Recent experimental findings show that enhancing the structural diversity of RNA/DNA pools increases the chance of finding novel aptamers with higher binding affinity (Carothers et al. 2004, 2006). To increase the number of functional RNA/DNA sequences available in the starting pool for in vitro selection, the starting pool should be engineered to have a uniform distribution over all possible structures (Gevertz et al. 2005).
In this study, we present two new systematic computational pool design approaches that increase the covered search space for in vitro selection of complex aptamers: Random Filtering and Genetic Filtering. Compared with close to zero five-way junctions and around 0.2% four-way junctions in a typical random DNA pool with 106 structures of 100 nucleotides each, Random Filtering generated pools of the same size, where >10% of the sequences are five-way junctions and >15% of the sequences are four-way junctions. Very similar results were found for 100-nt DNA pools where 30 nt are fixed primer sites. Our RFPool A (designed via Random Filtering) was synthesized, and a few sequences were determined and folded using ViennaRNA. In a subset of only 17 sequences, 11.76% were found to be five-way and 11.76% were four-way junctions. Compared with a completely random pool, our Random Filtering method can dramatically increase the likelihood of obtaining high-order junctions experimentally.
Our second method, Genetic Filtering, can generate DNA pool designs of 100 nt each, where 30 nt are fixed primer sites, with distributions in silico that are very close to a uniform structure distribution, i.e., highly diverse.
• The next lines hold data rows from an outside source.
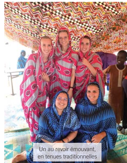
Un au revoir émouvant, en tenues traditionnelles

✳ Une telle expérience apprend à mener un projet en se fixant des objectifs, à construire un budget et à le respecter. Cela sera forcément utile dans ma future vie d'ingénieur.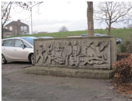
Oorlogsmonument Drimmelen "verstopt" bij parkeerplaats.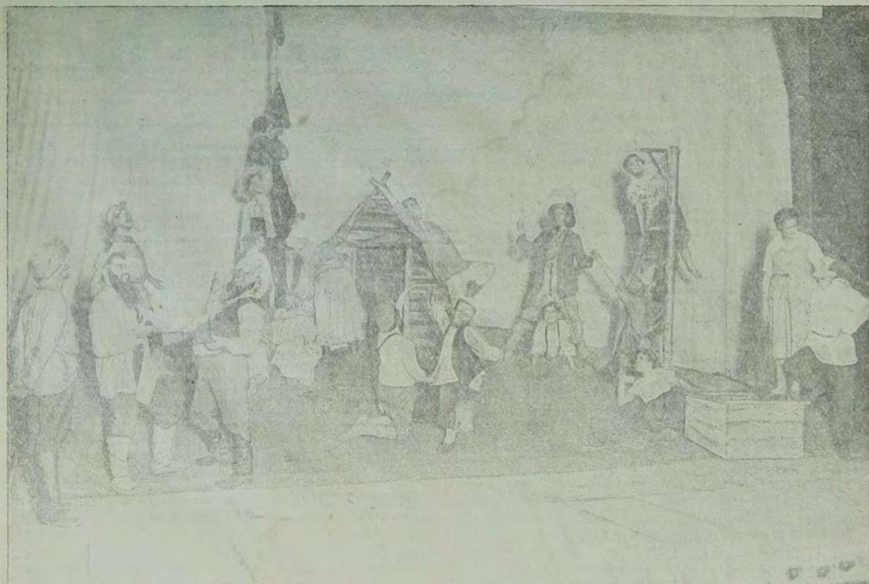
Сцена из второго акта.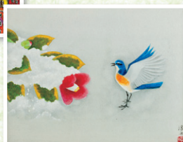
上村 淳之 「雪野」 6号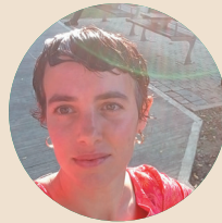
כנרת נעם كنيرت نعام

תומכת-מחנכת כיתה א' مساعدة-مربية الصف الأول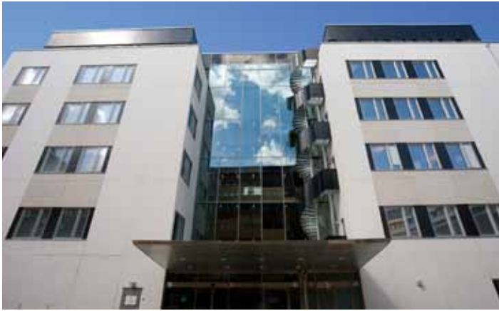
Västerport, Stockholm, Sweden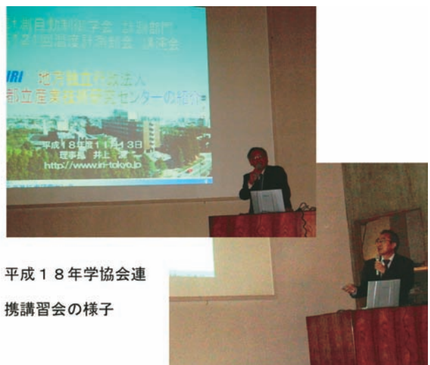
平成18年学協会連携講習会の様子

都内中小企業の方々は無料でご参加していただけます。開催の内容・申し込み方法等は、産技研のホームページ、メールニュースなどのご案内しております。皆様のご参加を心からお待ちしております。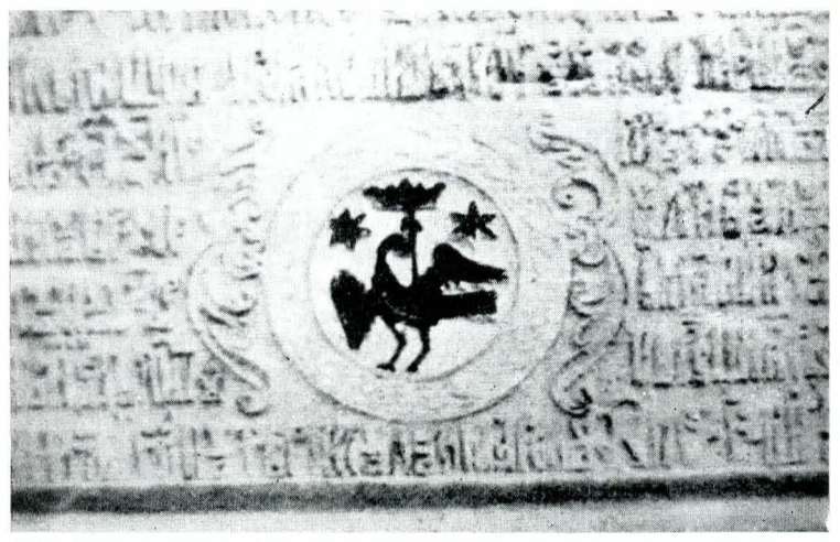
Fig. 4. Detaliu din pisania bisericii din Gherghița.

Totuși, trebuie remarcat că placa de piatră a pisaniei de la Filipeștii de Tîrg prezintă încă partea superioară a unui ancadrament cu baghete, deci că soluția a fost încercată, dar că apoi s-a renunțat la ea. Ea reprezintă din cîte știm astăzi prima atestare a unui asemenea tip de ancadrament, anterior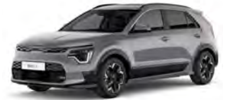
Šedá Steel (KLG)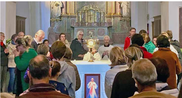
Abend der Barmherzigkeit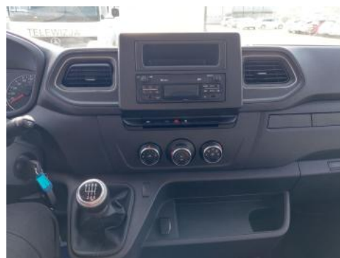
Fot. 20 Konsola środkowa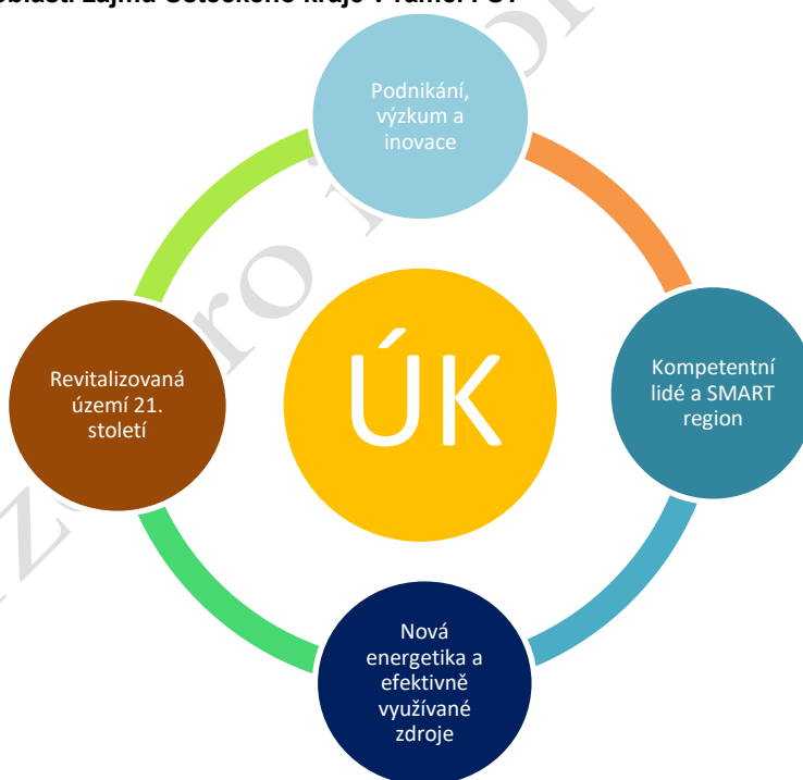
Obrázek 1 - tematické oblasti zájmu Ústeckého kraje v rámci FST

Analysis of a small set of the sequences obtained from the GFPool1 (designed via Genetic Filtering) in vitro showed significant structural diversity, with each of the 1J, 2J, 3J, 4J, and 5J structures present at levels of at least 10%. Complex 5J structures accounted for 26% of the sequences prior to enrichment. After GFPool1 was subjected to eight rounds of selection against the target ATP, complex 5Js accounted for 20% of the sampled sequences. The likelihood of observing this concentration of 5J structures in a random pool, where we find only 35 of 20 million sequences resulting in 5J structures, is ∼10−10. These results confirm that our suggested approach not only leads to better access to more complex structures for in vitro selection experiments, but also that SELEX is capable of preserving highly complex structures if they are present in the initial DNA pool. When the binding affinities of two 5J sequences from this enriched pool were tested, one sequence (ATPF8) displayed stronger affinity for ATP than Huizenga and Szostak's low-complexity aptamer, while the other (ATPF4) showed weaker affinity. This suggests that higher complexity sequences have the potential to be better aptamers, but will not always lead to improved binding. Thus, structural diversity, not just structural complexity, is an important characteristic of an ideal starting pool for SELEX. Our Genetic Filtering method is particularly aimed at designing such pools.
It may initially appear that the structural diversity of a pool resulting from our filtering approaches will be overly constrained given the stretches of fixed positions in the stems. However, an examination of a number of structures resulting from the same pool design demonstrates that while the sequence in these regions is constrained, the corresponding structure is not. Examples of different junction structures formed from the pool in Figure 2 are shown in Supplemental Figure S6. These sample structures illustrate that the same fixed sequence region may participate in a stem in one structure while forming a loop in another. For example, in the 5J structure shown in Supplemental Figure S6A, the sequence GCGT starting at base 61 participates in a stem, while the same fixed sequence forms a loop in the corresponding 4J structure illustrated in Supplemental Figure S6B.
While Inverse Folding associated with the ViennaRNA package was developed to find sequences that fold into a predefined structure (Hofacker 2003), it cannot be applied for the design of starting pools for in vitro selection. This is primarily due to the fact that Inverse Folding cannot generate sequences containing primer sites directly, which is required for these in vitro experiments. As shown in Supplemental Figure S7, adding primers to complex structures post-design can have a dramatic effect. From 20 million 5Js of length 70 nt generated by Inverse Folding, <1% of engineered sequences retained their structure upon the addition of two primer sites of length 15 nt. In addition, we compared the Inverse Folding method and the Random Filtering method, and found that Random Filtering generates more complex structures than Inverse Folding, making our method more suitable to generate structurally diverse pools for in vitro experiments (a description of the methods and results are found in Supplemental Fig. S8).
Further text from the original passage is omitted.